No toda crítica, sin embargo, precisa radicalismo. Aunque su naturaleza sea de disección, de profundo examen, de escrutinio implacable, la crítica es, antes que nada, juicio exhibido. Y el juicio lo es sin adjetivos. No es juicio radical, como no es juicio crítico. Moneda corriente de nuestros días es el pensamiento crítico y tal enunciado es pura tautología. Si bien hay cierta sofisticación en la crítica, ya lo afirmé, no es concebible el pensamiento sin aquella; el pensamiento, para serlo, ha de irse refinando. De otro modo, es llano. El plano pensamiento se va extinguiendo a sí mismo hasta desaparecer. El pensamiento que no se sofistica es proclive al sectarismo y, por lo tanto, a caer presa de cualquier tipo de fanatismo. El fanatismo es ausencia de pensamiento, como es conformidad en exceso.

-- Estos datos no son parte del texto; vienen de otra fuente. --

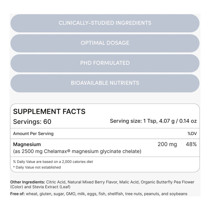 Este suplemento no es solo otro producto en el mercado. Está formulado con Chelamax, una tecnología de quelación que maximiza la absorción del magnesio, asegurando que cada porción de 200 mg trabaje eficientemente en tu organismo. ¿El resultado? Un apoyo integral para tu relajación, recuperación muscular y sueño profundo, sin los molestos efectos secundarios de otras formas de magnesio.

Ahora, la crítica necesita ejercitación. Es ascesis. La crítica deriva del trabajo sobre sí mismo y en eso se parece a las más exigentes prácticas monacales. Como es ascenso, tensión vertical, la crítica supone modos de elevación del espíritu; es, al modo antiguo de la filosofía, un ejercicio espiritual. Se hace crítica para vivir mejor. La crítica es contraria al fanatismo que es plano: el fanático se auto-condena y aniquila su posibilidad de ser más. La precariedad es el signo de los sectarismos cuya cohesión es pobre también. El sectario se mofa de su gregarismo, pero desconoce los criterios de la lealtad. Claro, no hay criterio ninguno en el sectario porque está desprovisto de crítica. El criterio es un tamiz por cuyos orificios diminutos no cabe lo insensato.

La crítica apela a los sentidos profundos de la comunidad. La comunidad es distinta de los sectarismos y no los admite. Toda forma política hoy es sectaria y no comunitaria. La política ha perdido toda su capacidad crítica y está hecha a la medida de los fanáticos.